Q La crise qui perdure actuellement au Québec, j’imagine que ça ne vous laisse pas indifférent ?

R Ça ne me laisse sûrement pas indifférent. J’ai suivi les choses depuis le début. Là, malgré le méli-mélo à l’heure présente, j’ai confiance que la loi du gouvernement Charest va réussir à calmer les positions de chacun et que les élèves ne perdront pas leur année scolaire, surtout dans les cégeps, et qu’ils pourront au contraire compléter leur cégep pour entrer à l’université, pour ceux qui ont choisi cela. Pour ceux qui ont choisi un parcours professionnel, c’est aussi très important. Il faut qu’ils puissent compléter cela.

Q Vous vous êtes déjà prononcé pour un réinvestissement dans les cégeps et les universités et en accord avec la position du gouvernement Charest dans ce dossier, notamment en ce qui concerne la hausse des droits de scolarité. Après trois mois de conflit, c’est toujours votre position ?

R Bien sûr. Les chiffres qui ont été donnés récemment sont absolument justes. Il faut que les universités reçoivent des sommes supplémentaires pour remplir leurs fonctions de recherche et pour remplir leurs fonctions d’enseignement, un enseignement de qualité, ce qui veut dire un assez grand nombre de professeurs, ce qui veut dire également que les professeurs soient bien qualifiés, se comparent à ce qu’il y a de mieux dans d’autres institutions dans le monde.

Votre biographie s’appelle Le Révolutionnaire tranquille. La révolution à laquelle vous avez participé s’appelle la Révolution tranquille. Quand vous voyez des jeunes sortir dans la rue et utiliser des moyens pas toujours tranquilles pour se faire entendre, est-ce que ça vous inquiète ?

R Bien, cela me désappointe fortement. Parce que quand les étudiants sont en grève, ils ne sont pas en classe. Et quand ça dure trois mois, c’est une longue période. Je souhaite que les élèves, les étudiants retournent en classe.

Q Vous avez beaucoup travaillé dans le Tiers-monde, notamment en Afrique : est-ce que cette expérience vous fait penser qu’on a au Québec un bon système d’éducation, ouvert et disponible ?

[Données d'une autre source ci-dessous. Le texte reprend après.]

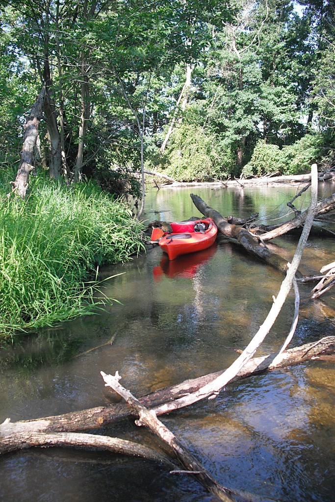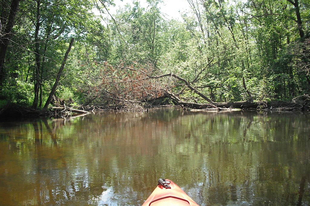 There are many downed trees in the river to test your kayaking skills. The last time that I was on this section, I only had to portage trees once.

R Absolument. Les frais de scolarité, même avec l’augmentation qui a été décrétée, ça demeure meilleur marché que partout au Canada, aux États-Unis et même dans des pays européens. D’ailleurs, incidemment, les pays qui ont la gratuité comme en France s’interrogent beaucoup sur cette question-là. En France, pour pallier le manque de qualité de l’enseignement public au niveau universitaire, des écoles d’administration publique, de génie et autres études commerciales demandent, elles, des frais de scolarité importants. Alors au Québec, quand on a étudié ce problème-là, on exige des droits de scolarité qui ne sont pas énormes, même avec l’augmentation. Je pense qu’on doit s’estimer chanceux du système qu’on a. Il y a des gens qui préconisent même la gratuité complète. Je ne suis pas de ceux-là. Et la gratuité, dans les pays où ça a été instauré, est loin d’aboutir à des réussites importantes des étudiants.